Sorry Jack, hope this doesn't start a trend.


----------



## Guest

*That sucks .....*

I hope it was only cigarillos ...


----------



## emgjet

OUCH! that does suck big time...sorry to hear about that. Good luck!


----------



## ESP

..."have been seized and removed for appropriate action"...

That must realy hurt, at least on this side of the pond they usually knock on the door with the goods in hand, and ask for a few hundred pounds! otherwise they take them for "appropriate action",, 
in any event, it sucks!


----------



## Bman

Jack I guess as long as you have been on the slope this isn't the first time this has happened. I got 400 cirgarillo's taken about 5 months ago. They sent a letter asking if I wanted to claim the items, I sent it back and declined to claim the goods, I told them I didn't know sh^t about any cuban cigars and haven't heard anything since. Like for everyone I hope all you lose is the package. If they press for a fine we all know that will make our favorite pastime more of a risk. Hopefully your package landed in the hand of a smoker or someone looking to sell your smokes for a buck instead of someone trying to make a name for theirselves by beating up cirgar lover, I guess it's harded to catch real criminals. By the way I still have my eyes on those Davidoffs. Bman


----------



## cigartexan

Thanks all for the kind words concerning my loss 

Bman- This is surely not my first siezure, But it's the first to be sent to me in such a way. before it has always been that the vendor informs me or I see the tracking stop. This will, if they do act, will be my first letter. Why I have not gotten one in the past I couldn't tell you. Probably working up a case file on my ass


----------



## poker

Jack, I can send you a few of my letters if you want LOL


----------



## Mayor

Hey Jack, I'm in pharmacy school now. I can suggest something for seizures if you need some help..:r  

J


----------



## DaveC

that stinks majorly!!!

hopefully the vendor has a replacement policy....

"appropriate action" is a relative term, to me that means smoking them


----------



## tbateman

Sorry to hear it Jack and what DaveC said.


----------



## D-Love

*seizures do suck*

Thankfully, I live on the other side of the pond, and the customs agents slaver more at the thought of taking a big chunk of dough out of you for the tobacco taxes and slaes tax (25% in this socialistic hellhole) than anything else. 
That beign said, I have packages shipped regularly from HK, and the last ones came with green tape on the side "Inspected by customs". I guess they didn't buy the description of it being a desk pen set and china tea set. I always get a laugh out of what my vendor writes as the contents. However, the cigars were untouched, and no fines were levied, and I'm not about to ask why. Joy.
However, I was just wondering, how many of you folks ship to different addresses? Personally, after this shipment, I'm going covert, and wont ship to my own address for any shipments outside of the European Union. It's a tax thing more than anything else, and if the packages are inter-Union, then there is no problem, as you're allowed 200 sticks a year without extra duty.


----------



## OnePyroTec

dang Jack, I hope that was just and "average" box they snaked from ya.

OPT


----------



## Lamar

Jack

Hate to see it happen to such a great guy.


----------



## MoTheMan

Oh man. That sucks!

Been nabbed 4 times myself, one of them in person by customs at the airport. Can't wait for the day they come to cart me off to jail.

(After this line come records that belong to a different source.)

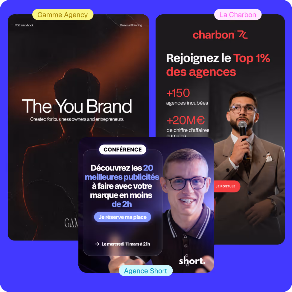 Identités visuelles complètes, créas publicitaires (Meta, Google, TikTok), web design, landing pages, motion design, supports print, pitch decks, packaging, social media — nous couvrons l'intégralité de la chaîne créative pour vos clients.
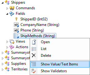 In the Project Explorer, right-click on the ShipMethods field, and select Show Value/Text Items.
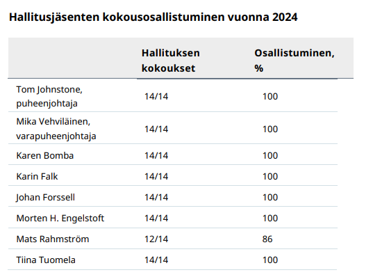 Wärtsilän hallitus kokoontui 14 kertaa vuonna 2024, ja jäsenten osallistumisprosentti oli 98. Hallitus käsitteli kokouksissa monia erilaisia aiheita. Painopisteenä oli Wärtsilän strategia, mukaan lukien liiketoimintastrategiat, energiavarastointiliiketoiminnan strateginen tarkastelu ja kestävän kehityksen strategia. Hallitus seurasi myös tiiviisti yhtiön taloudellista suorituskykyä. Lisäksi hallituksen kokouksissa käsiteltiin ja seurattiin ulkoisia kehityssuuntauksia, mukaan lukien geopolitiikan, sääntelyn, teknologian ja markkinoiden kehitys. Merkittävä osa vuoden 2024 agendaa oli nykyisten kestävyystavoitteiden, esimerkiksi Set for 30 -ohjelman, edistymisen arviointi sekä uusien kestävyystavoitteiden asettaminen. Myös yritysten kestävyysraportointia koskevan direktiivin (CSRD) vaatimusten täyttämiseen kiinnitettiin paljon huomiota. Muita prioriteetteja olivat organisaatioon liittyvät asiat, kuten Wärtsilän toimintaperiaatteet, ihmisiin liittyvät prosessit ja palkitsemisperiaatteet.
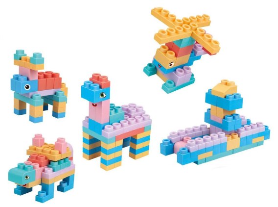 Zestaw kolorowych miękkich klocków dla dzieci od 3-go roku życia. Zestaw wykonano  z bezpiecznego dla dzieci i środowiska materiału PVC. Klocki są lekkie i nie posiadają ostrych zakończeń. Bardzo łatwo je utrzymać w czystości, po wyparzeniu, nie tracą kolorów. Klocuszki możemy dowolnie wyginać, a po wygięciu wracają do swojego poprzedniego kształtu.
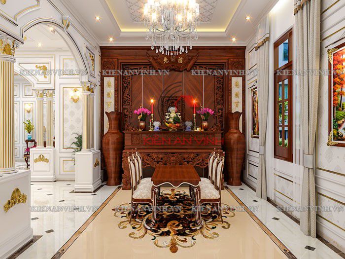 Phòng thờ đặt được đặt trang trọng, ở giữa công trình và sử dụng những ón đồ nội thất sang trọng. Nó là nơi để thể hiện lòng thành kính, sự biết ơn của con cháu với tổ tiên và các bậc tiền nhân.
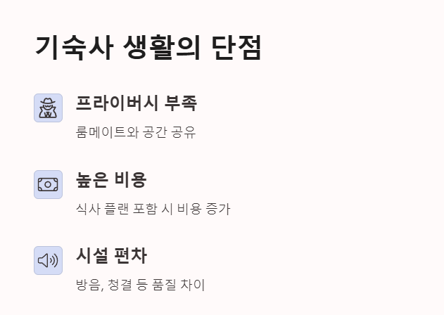 - 프라이버시 부족 (룸메이트와 공유)
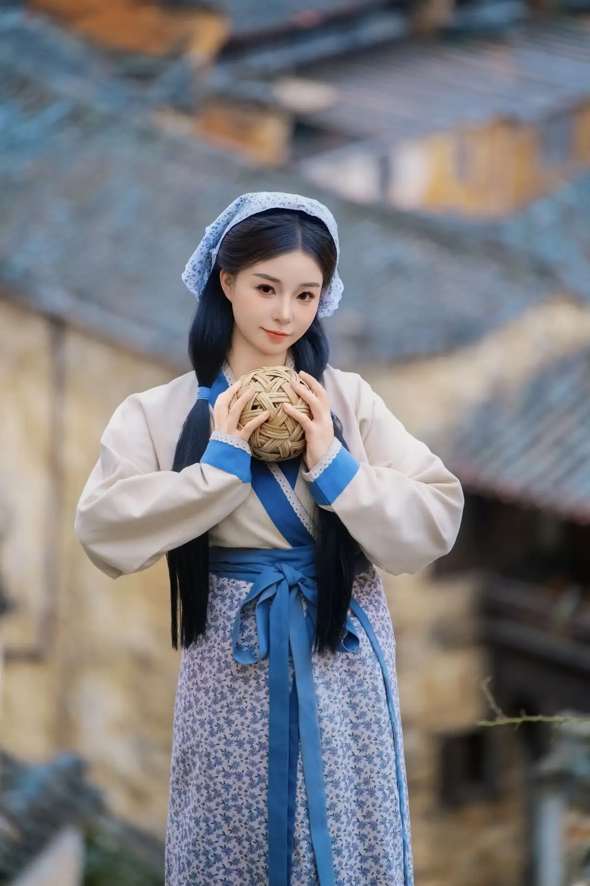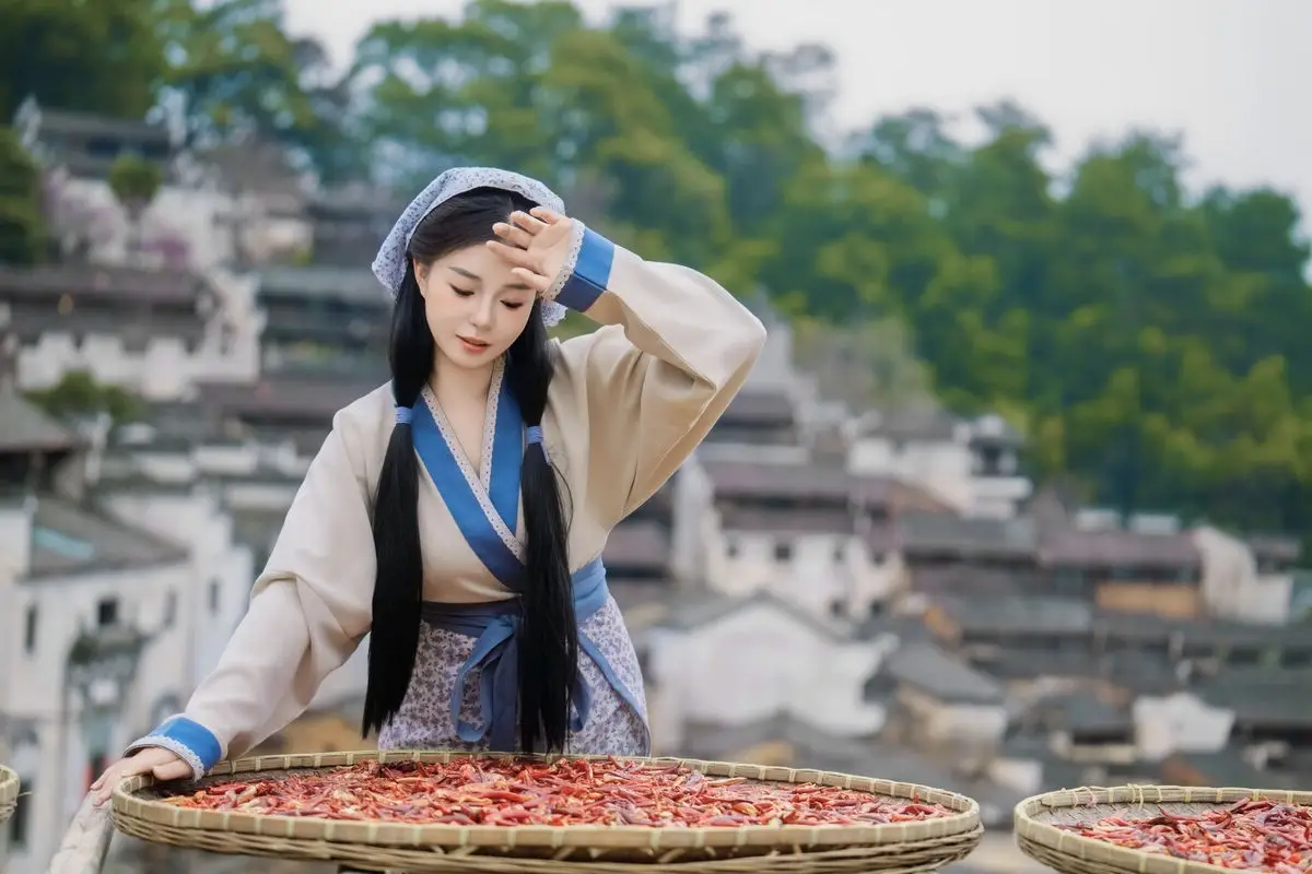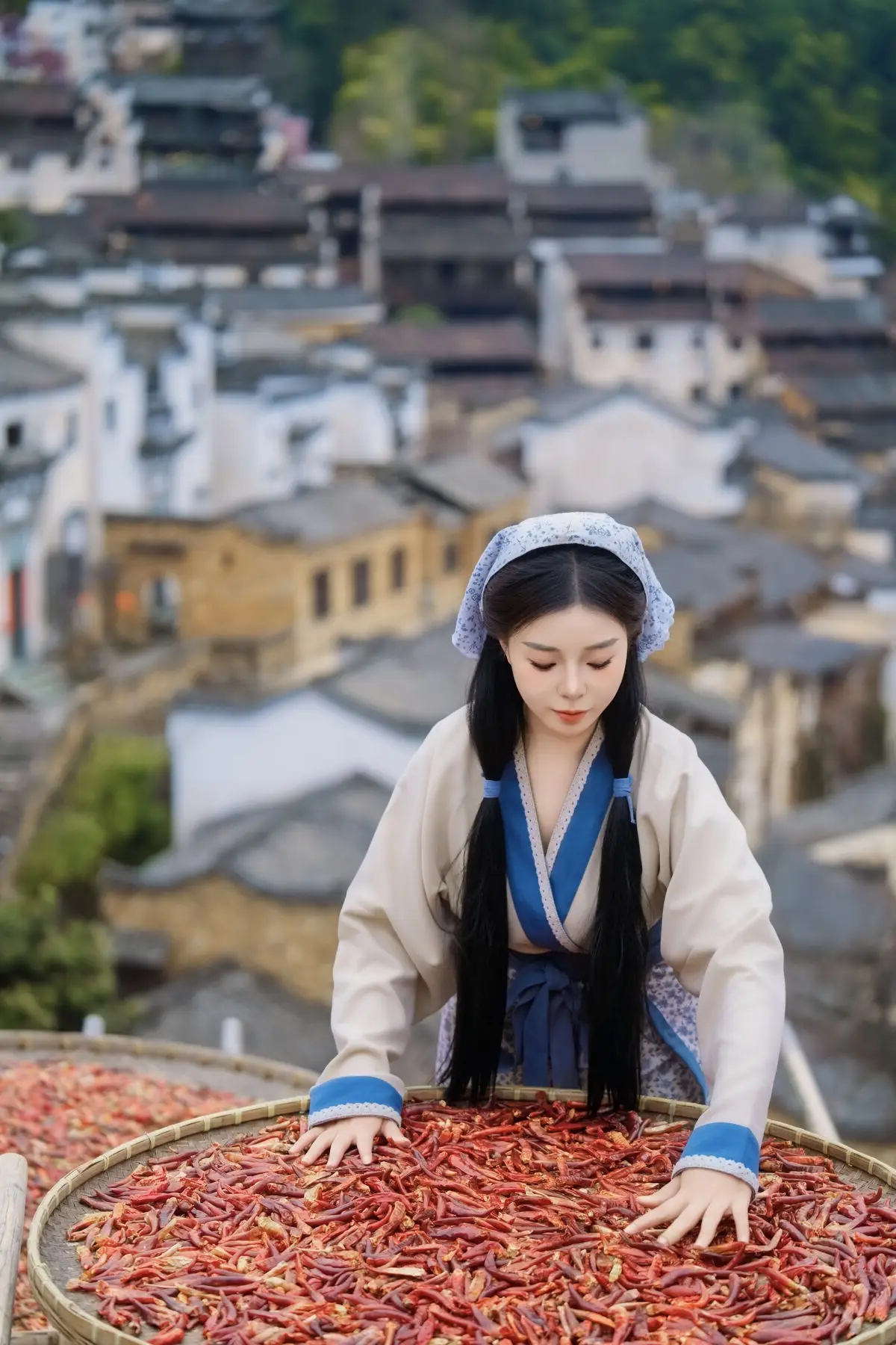 This captivating image showcases Zhang Ying embodying the serene charm of a humble farm girl. Dressed in simple yet elegant traditional attire, complete with a headscarf and light tunic, she diligently tends to drying produce under the golden sun. The tranquil village backdrop, featuring ancient rooftops and lush green hills, accentuates her graceful and contemplative presence. Her thoughtful gaze and the gesture of wiping her brow hint at a life of simple labor and profound meaning. This beautiful snapshot transports viewers to a traditional cultural setting, where human beauty harmonizes seamlessly with nature, evoking a sense of timeless elegance and rustic authenticity.

Let's ask Master Poker if he has any idea what the US Customs does once the contraband has been seized and forfeited. Do they shred it & incinerate it like they claim? Do they smoke any of them (and come to the dark side)?


MoTheMan


----------



## filly

Jack, sorry to hear the bad news. Knocking on wood, I haven't yet but I have had some boxes mysteriously disappear and the vendor swore they sent them both times. I discontinued using both of them after these episodes....


----------



## DUFFER

Frame it but if they come knocking you better take it off the wall. You'll be in deep shit if they think you're proud of it.


----------



## seagarsmoker

Sorry to read this Jack. I know it won't make you feel any better, but as poker said - it happens to the best of us.


----------



## dayplanner

All I can say is...

Awwwwwww Sheeeeeeeeyat! :c


----------



## drill

poker said:


> *Jack, I can send you a few of my letters if you want LOL *


 it sucks, but its a fact , and its gonna happen .

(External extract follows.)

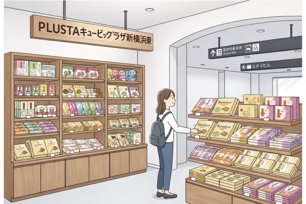 「PLUSTAキュービックプラザ新横浜東」は、2024年12月にグランドキヨスク新横浜からリニューアルオープンしました。新横浜駅2階(改札外)のコンコースにあり、崎陽軒のシウマイ、鎌倉紅谷のクルミッ子など横浜銘菓、お弁当、お土産が充実しています。

jack i can also spare a few(dozen/gross) letters ifn you need some.

k


----------



## ilikecigars

:sb 

those filthy fargon iceholes.....
i got the little love note in my empty box on my first seizure, then a fargon letter saying they would if i didnt respond dispose of them, yeah right i bet those fargon iceholes disposed of them one at a time....blow me mr. customs man! the cocaine just got through along with the weed.....duh!!!

i feel your pain jack.....:al


----------



## Nooner

I am bumping this because I found this thread while searching a different subject - some sage advice from some of the 'real' FOGs.

In addition to the recent advice from our active FOGs I thought this thread may serve well to reiterate the risks inherent in purchasing contraband goods.


----------



## Thurm15

Nooner said:


> I am bumping this because I found this thread while searching a different subject - some sage advice from some of the 'real' FOGs.
> 
> In addition to the recent advice from our active FOGs I thought this thread may serve well to reiterate the risks inherent in purchasing contraband goods.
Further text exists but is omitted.